## Instructions for the task
Reprint the lines below as they are, minus the pictures.

## Exercise data
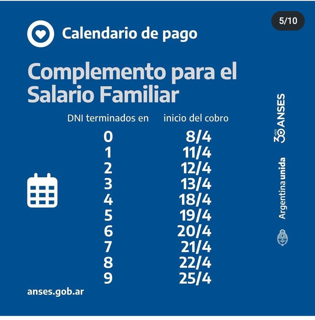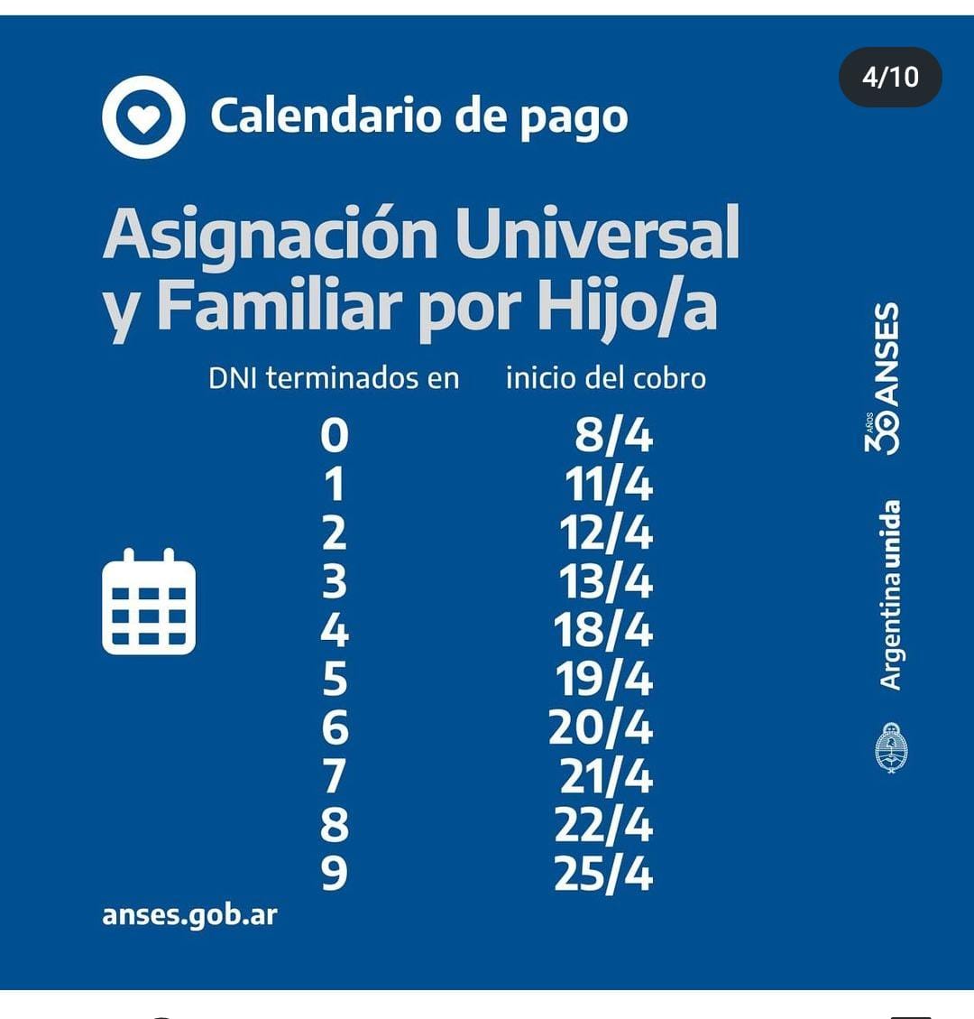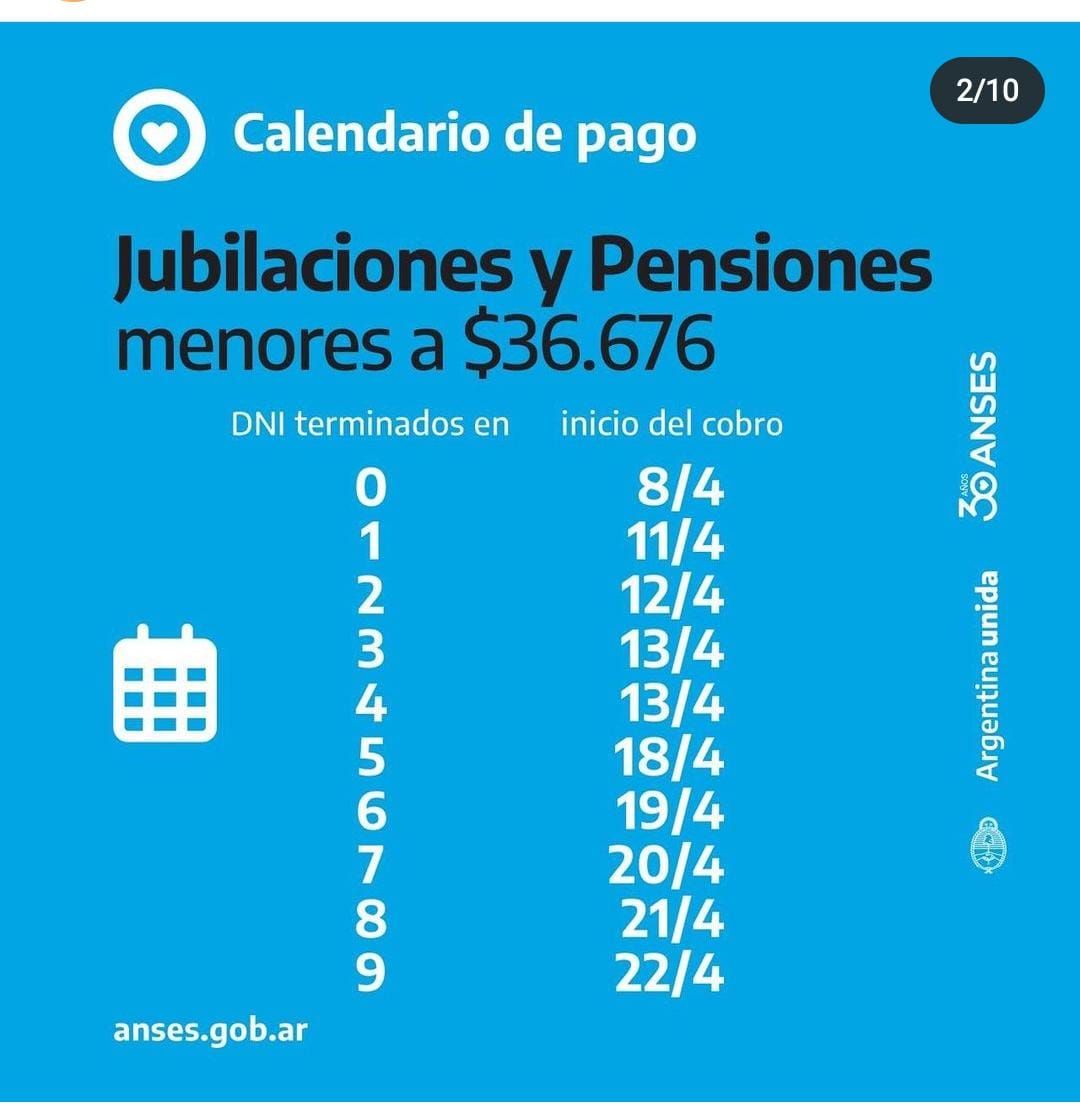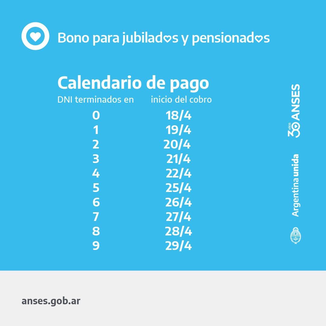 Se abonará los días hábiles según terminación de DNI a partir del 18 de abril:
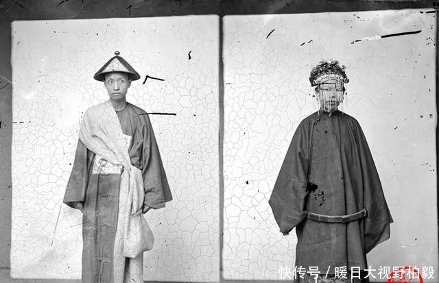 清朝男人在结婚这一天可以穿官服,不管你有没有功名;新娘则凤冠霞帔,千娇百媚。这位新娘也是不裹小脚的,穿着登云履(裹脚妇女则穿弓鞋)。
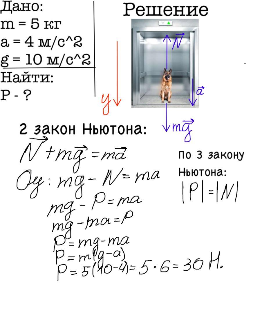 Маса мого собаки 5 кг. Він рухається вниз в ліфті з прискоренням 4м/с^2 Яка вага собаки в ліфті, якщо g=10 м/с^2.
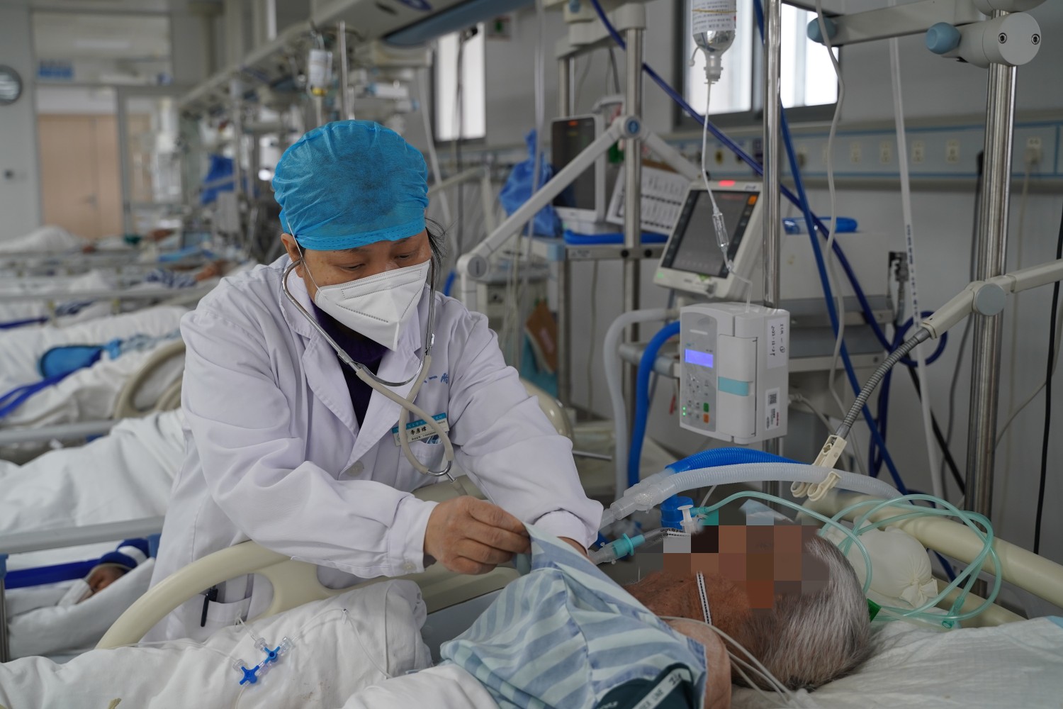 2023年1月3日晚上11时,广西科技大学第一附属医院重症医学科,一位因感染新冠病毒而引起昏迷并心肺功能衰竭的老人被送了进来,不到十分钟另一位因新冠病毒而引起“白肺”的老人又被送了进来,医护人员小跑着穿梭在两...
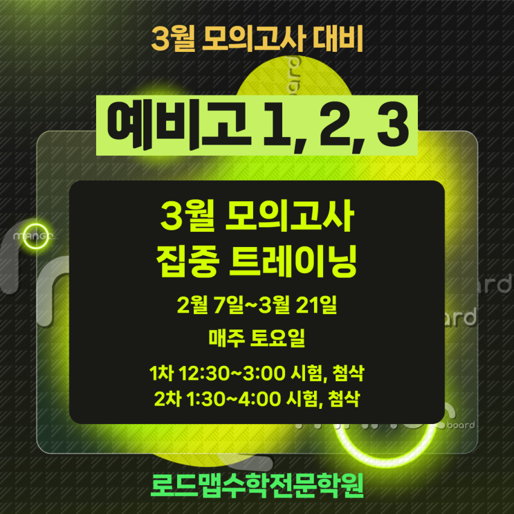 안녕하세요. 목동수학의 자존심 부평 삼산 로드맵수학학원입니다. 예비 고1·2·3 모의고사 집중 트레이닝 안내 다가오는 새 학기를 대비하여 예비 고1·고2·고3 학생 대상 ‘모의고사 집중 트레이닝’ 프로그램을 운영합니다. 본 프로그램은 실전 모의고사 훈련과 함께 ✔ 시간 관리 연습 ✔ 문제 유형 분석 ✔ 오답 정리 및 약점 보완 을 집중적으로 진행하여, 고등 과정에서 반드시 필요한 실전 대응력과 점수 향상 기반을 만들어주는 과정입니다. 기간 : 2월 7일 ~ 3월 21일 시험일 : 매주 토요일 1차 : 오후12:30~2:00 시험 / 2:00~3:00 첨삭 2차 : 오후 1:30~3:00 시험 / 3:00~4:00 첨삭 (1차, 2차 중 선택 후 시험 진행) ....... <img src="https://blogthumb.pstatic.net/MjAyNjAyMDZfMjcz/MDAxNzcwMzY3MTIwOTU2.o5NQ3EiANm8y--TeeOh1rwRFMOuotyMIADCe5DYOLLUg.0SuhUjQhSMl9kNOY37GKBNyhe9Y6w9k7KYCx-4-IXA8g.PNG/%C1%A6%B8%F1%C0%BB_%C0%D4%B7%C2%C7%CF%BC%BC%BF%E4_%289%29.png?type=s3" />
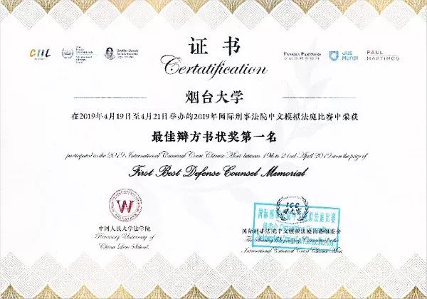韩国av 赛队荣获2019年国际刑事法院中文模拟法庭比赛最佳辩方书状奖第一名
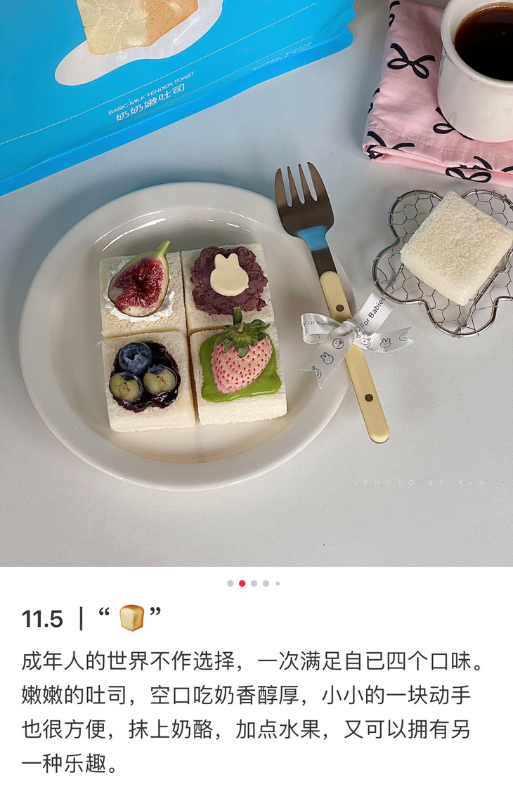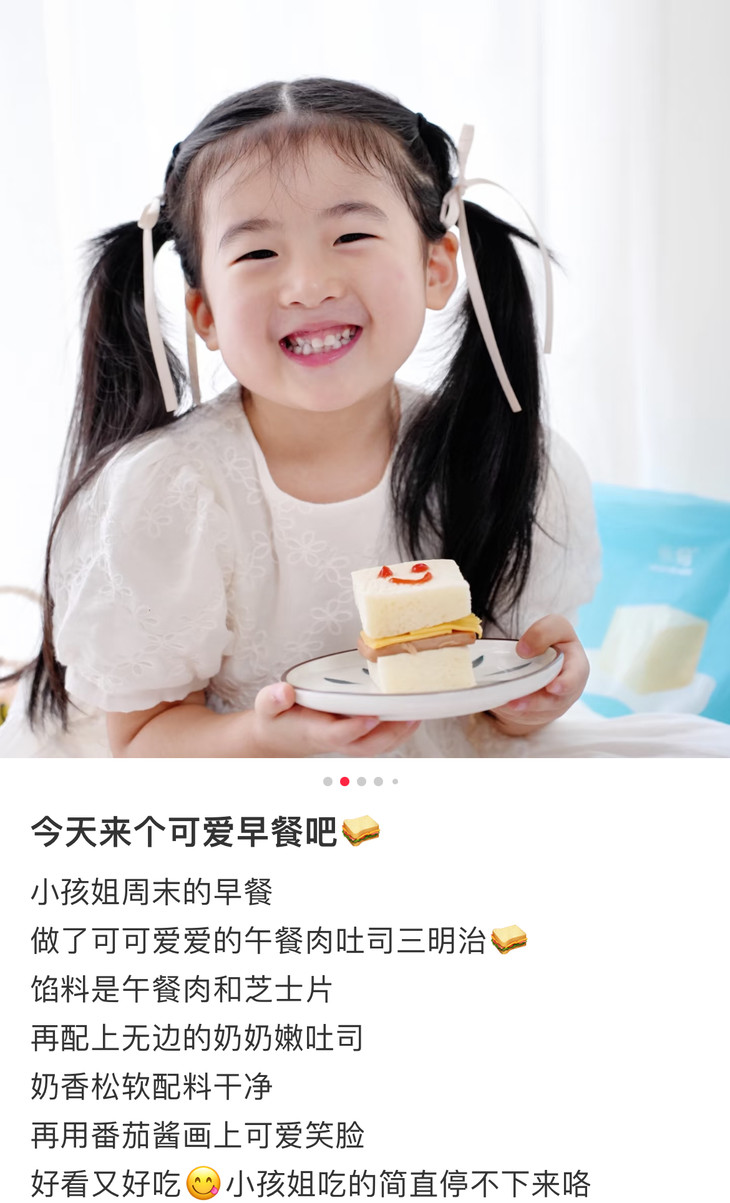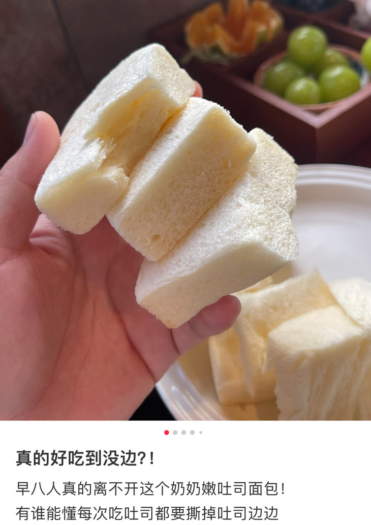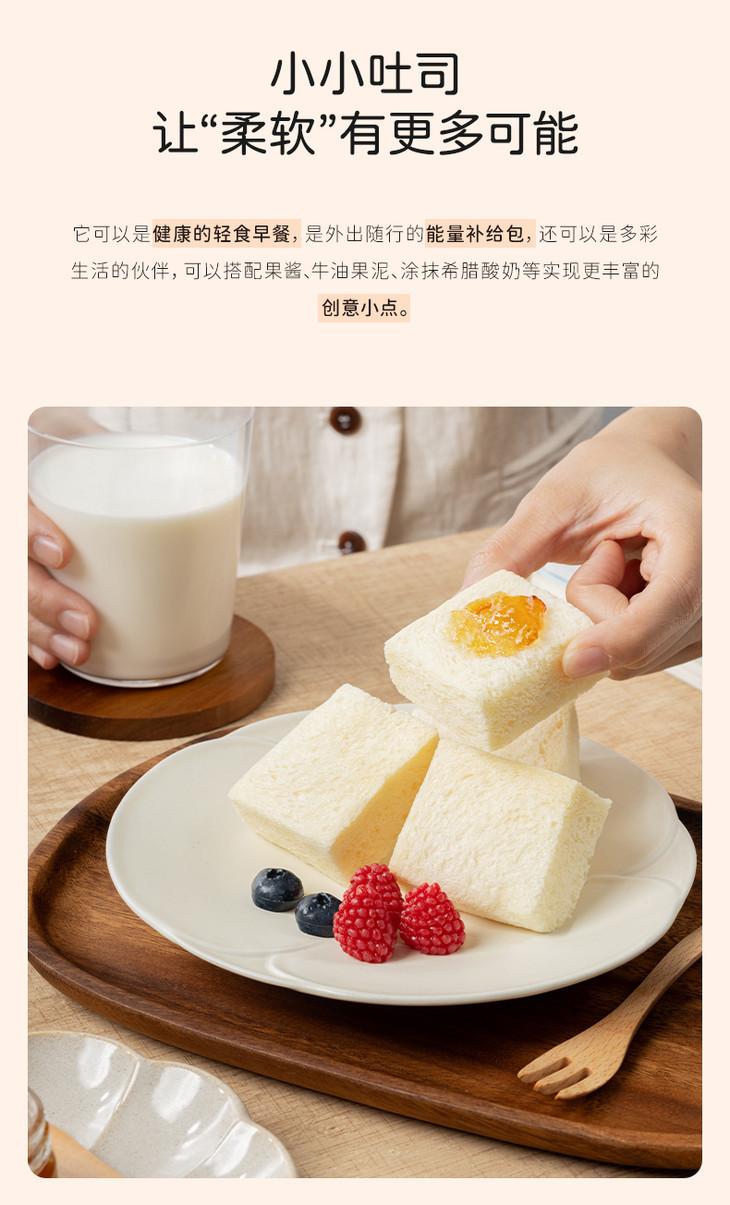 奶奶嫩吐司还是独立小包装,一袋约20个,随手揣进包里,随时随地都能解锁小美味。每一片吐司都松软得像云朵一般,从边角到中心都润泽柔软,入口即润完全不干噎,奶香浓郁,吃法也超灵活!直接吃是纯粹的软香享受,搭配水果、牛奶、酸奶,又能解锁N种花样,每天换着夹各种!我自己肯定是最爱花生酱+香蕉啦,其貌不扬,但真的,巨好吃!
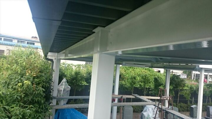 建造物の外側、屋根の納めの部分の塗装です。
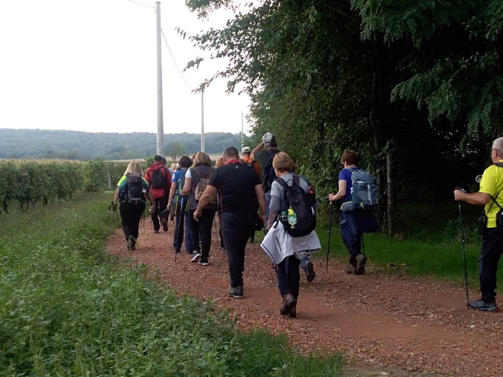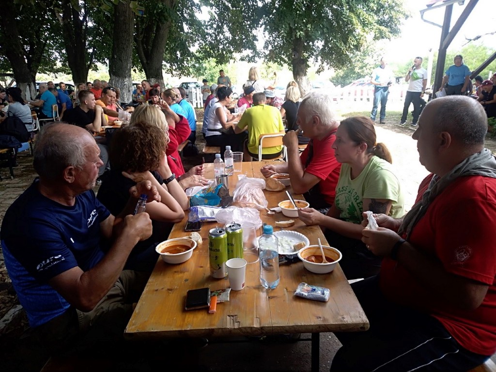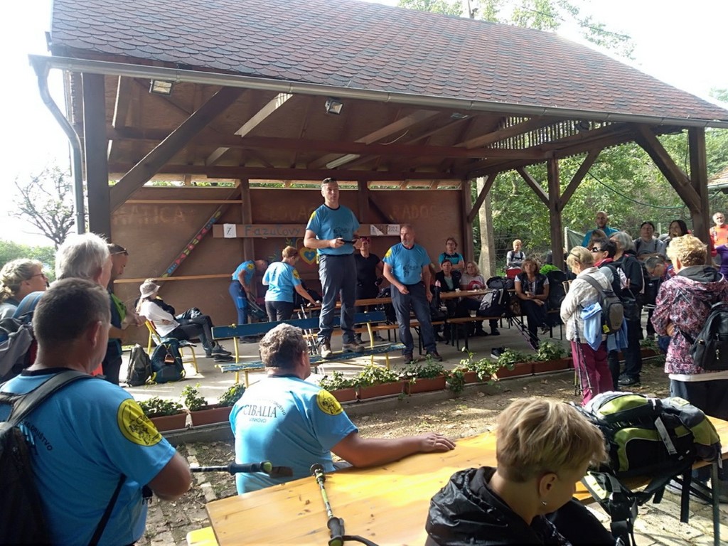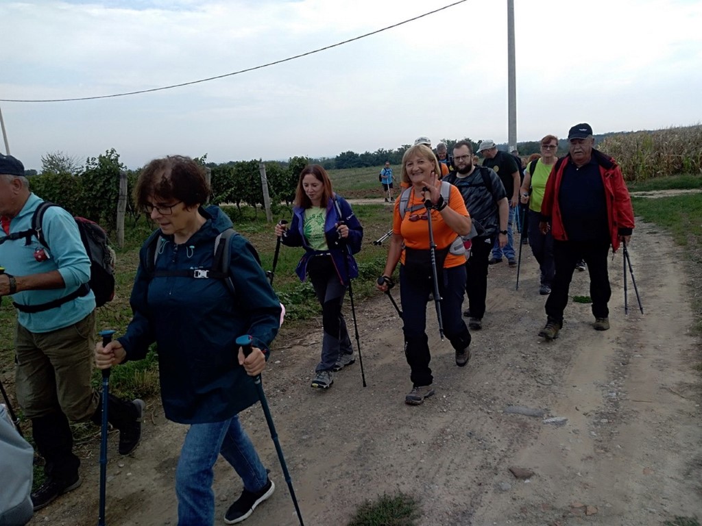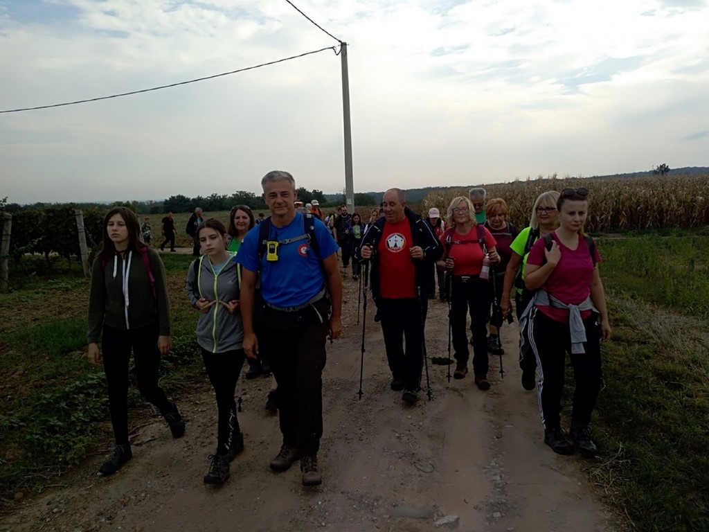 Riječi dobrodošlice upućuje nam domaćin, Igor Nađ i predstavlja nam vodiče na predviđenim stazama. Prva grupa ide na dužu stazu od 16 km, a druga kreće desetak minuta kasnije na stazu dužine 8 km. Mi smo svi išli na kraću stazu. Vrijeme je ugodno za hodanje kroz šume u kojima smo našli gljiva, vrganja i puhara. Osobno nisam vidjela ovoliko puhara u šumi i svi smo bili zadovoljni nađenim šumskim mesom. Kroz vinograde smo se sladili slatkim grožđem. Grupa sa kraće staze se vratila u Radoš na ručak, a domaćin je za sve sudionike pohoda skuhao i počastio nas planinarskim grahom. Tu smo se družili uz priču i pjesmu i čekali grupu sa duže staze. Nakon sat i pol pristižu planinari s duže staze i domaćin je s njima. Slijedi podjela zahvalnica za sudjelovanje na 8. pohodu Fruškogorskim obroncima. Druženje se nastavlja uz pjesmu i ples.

## Completed exercise
 Se abonará los días hábiles según terminación de DNI a partir del 18 de abril:
 清朝男人在结婚这一天可以穿官服,不管你有没有功名;新娘则凤冠霞帔,千娇百媚。这位新娘也是不裹小脚的,穿着登云履(裹脚妇女则穿弓鞋)。
 Маса мого собаки 5 кг. Він рухається вниз в ліфті з прискоренням 4м/с^2 Яка вага собаки в ліфті, якщо g=10 м/с^2.
 2023年1月3日晚上11时,广西科技大学第一附属医院重症医学科,一位因感染新冠病毒而引起昏迷并心肺功能衰竭的老人被送了进来,不到十分钟另一位因新冠病毒而引起“白肺”的老人又被送了进来,医护人员小跑着穿梭在两...
 안녕하세요. 목동수학의 자존심 부평 삼산 로드맵수학학원입니다. 예비 고1·2·3 모의고사 집중 트레이닝 안내 다가오는 새 학기를 대비하여 예비 고1·고2·고3 학생 대상 ‘모의고사 집중 트레이닝’ 프로그램을 운영합니다. 본 프로그램은 실전 모의고사 훈련과 함께 ✔ 시간 관리 연습 ✔ 문제 유형 분석 ✔ 오답 정리 및 약점 보완 을 집중적으로 진행하여, 고등 과정에서 반드시 필요한 실전 대응력과 점수 향상 기반을 만들어주는 과정입니다. 기간 : 2월 7일 ~ 3월 21일 시험일 : 매주 토요일 1차 : 오후12:30~2:00 시험 / 2:00~3:00 첨삭 2차 : 오후 1:30~3:00 시험 / 3:00~4:00 첨삭 (1차, 2차 중 선택 후 시험 진행) ....... <img src="https://blogthumb.pstatic.net/MjAyNjAyMDZfMjcz/MDAxNzcwMzY3MTIwOTU2.o5NQ3EiANm8y--TeeOh1rwRFMOuotyMIADCe5DYOLLUg.0SuhUjQhSMl9kNOY37GKBNyhe9Y6w9k7KYCx-4-IXA8g.PNG/%C1%A6%B8%F1%C0%BB_%C0%D4%B7%C2%C7%CF%BC%BC%BF%E4_%289%29.png?type=s3" />
韩国av 赛队荣获2019年国际刑事法院中文模拟法庭比赛最佳辩方书状奖第一名
 奶奶嫩吐司还是独立小包装,一袋约20个,随手揣进包里,随时随地都能解锁小美味。每一片吐司都松软得像云朵一般,从边角到中心都润泽柔软,入口即润完全不干噎,奶香浓郁,吃法也超灵活!直接吃是纯粹的软香享受,搭配水果、牛奶、酸奶,又能解锁N种花样,每天换着夹各种!我自己肯定是最爱花生酱+香蕉啦,其貌不扬,但真的,巨好吃!
 建造物の外側、屋根の納めの部分の塗装です。
 Riječi dobrodošlice upućuje nam domaćin, Igor Nađ i predstavlja nam vodiče na predviđenim stazama. Prva grupa ide na dužu stazu od 16 km, a druga kreće desetak minuta kasnije na stazu dužine 8 km. Mi smo svi išli na kraću stazu. Vrijeme je ugodno za hodanje kroz šume u kojima smo našli gljiva, vrganja i puhara. Osobno nisam vidjela ovoliko puhara u šumi i svi smo bili zadovoljni nađenim šumskim mesom. Kroz vinograde smo se sladili slatkim grožđem. Grupa sa kraće staze se vratila u Radoš na ručak, a domaćin je za sve sudionike pohoda skuhao i počastio nas planinarskim grahom. Tu smo se družili uz priču i pjesmu i čekali grupu sa duže staze. Nakon sat i pol pristižu planinari s duže staze i domaćin je s njima. Slijedi podjela zahvalnica za sudjelovanje na 8. pohodu Fruškogorskim obroncima. Druženje se nastavlja uz pjesmu i ples.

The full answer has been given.